__Exercise requirements__:
Below are records; the lines starting at the one with "My teacher said" and ending at the one with "攀西商界網(wǎng)報道(記者 熊毅)" must be reproduced exactly, both included. Pictures must not appear.

__Excerpted data__:
______________________________

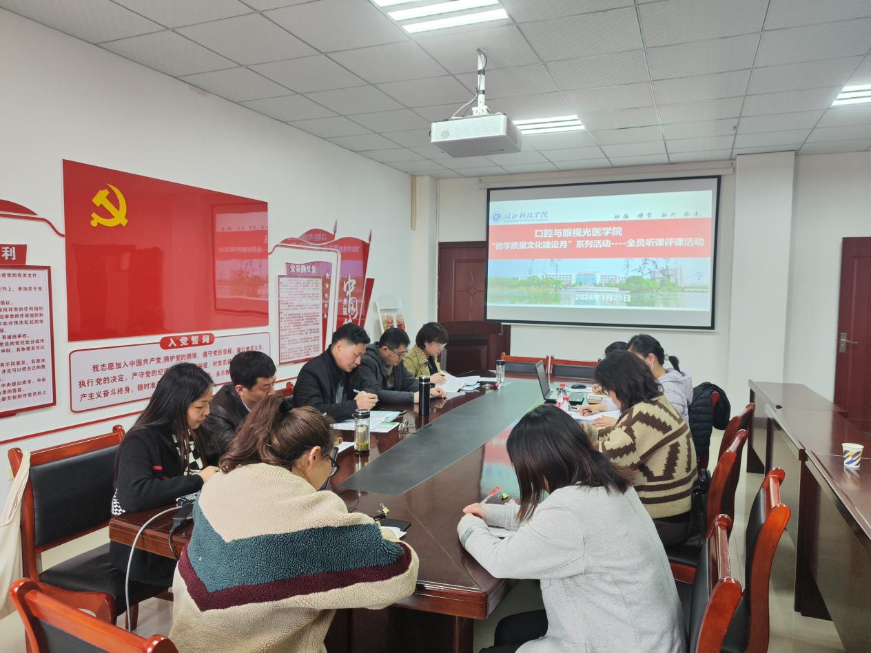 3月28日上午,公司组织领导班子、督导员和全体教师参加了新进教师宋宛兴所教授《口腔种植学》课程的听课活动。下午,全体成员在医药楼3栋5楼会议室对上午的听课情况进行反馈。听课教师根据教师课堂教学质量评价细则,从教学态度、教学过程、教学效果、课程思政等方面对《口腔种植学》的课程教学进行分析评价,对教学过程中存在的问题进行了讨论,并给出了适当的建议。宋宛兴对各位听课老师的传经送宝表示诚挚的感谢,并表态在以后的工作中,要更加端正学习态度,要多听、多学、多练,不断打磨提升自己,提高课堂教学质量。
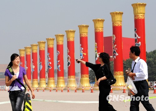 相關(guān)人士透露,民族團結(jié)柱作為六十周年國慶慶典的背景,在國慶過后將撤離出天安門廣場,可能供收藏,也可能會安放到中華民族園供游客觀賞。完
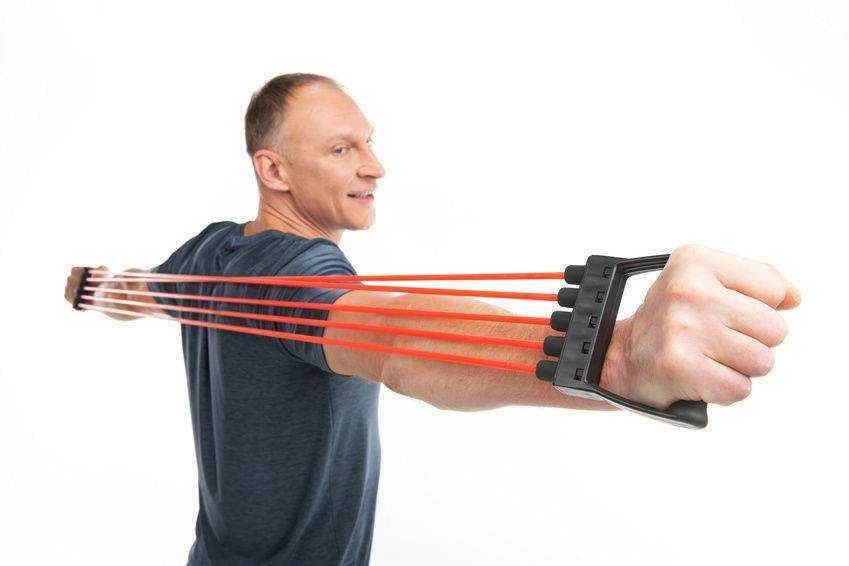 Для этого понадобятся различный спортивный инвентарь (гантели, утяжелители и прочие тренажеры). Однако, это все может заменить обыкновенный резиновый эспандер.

______________________________

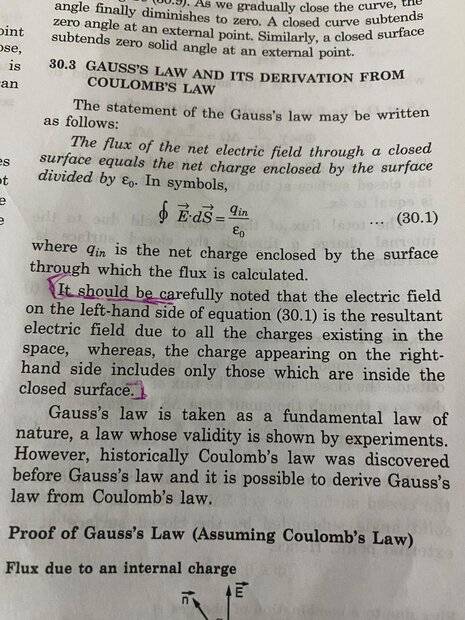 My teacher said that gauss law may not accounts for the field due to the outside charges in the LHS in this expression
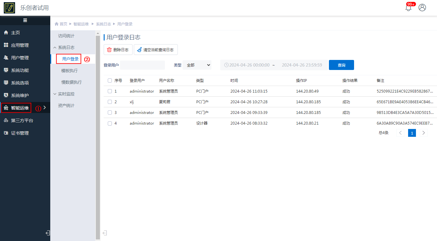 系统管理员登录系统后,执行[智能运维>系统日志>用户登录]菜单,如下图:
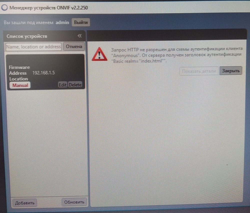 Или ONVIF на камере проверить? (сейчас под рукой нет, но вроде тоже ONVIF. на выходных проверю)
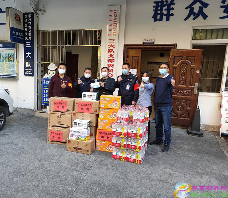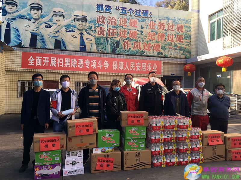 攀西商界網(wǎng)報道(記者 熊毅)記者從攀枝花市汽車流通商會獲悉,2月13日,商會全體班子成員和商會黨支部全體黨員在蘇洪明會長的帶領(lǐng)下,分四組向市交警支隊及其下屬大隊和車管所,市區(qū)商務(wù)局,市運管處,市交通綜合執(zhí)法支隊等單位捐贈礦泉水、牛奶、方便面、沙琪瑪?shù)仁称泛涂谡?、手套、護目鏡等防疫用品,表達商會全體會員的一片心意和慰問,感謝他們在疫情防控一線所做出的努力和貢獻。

______________________________

__Solution to the problem__:
 My teacher said that gauss law may not accounts for the field due to the outside charges in the LHS in this expression
 系统管理员登录系统后,执行[智能运维>系统日志>用户登录]菜单,如下图:
 Или ONVIF на камере проверить? (сейчас под рукой нет, но вроде тоже ONVIF. на выходных проверю)
 攀西商界網(wǎng)報道(記者 熊毅)記者從攀枝花市汽車流通商會獲悉,2月13日,商會全體班子成員和商會黨支部全體黨員在蘇洪明會長的帶領(lǐng)下,分四組向市交警支隊及其下屬大隊和車管所,市區(qū)商務(wù)局,市運管處,市交通綜合執(zhí)法支隊等單位捐贈礦泉水、牛奶、方便面、沙琪瑪?shù)仁称泛涂谡?、手套、護目鏡等防疫用品,表達商會全體會員的一片心意和慰問,感謝他們在疫情防控一線所做出的努力和貢獻。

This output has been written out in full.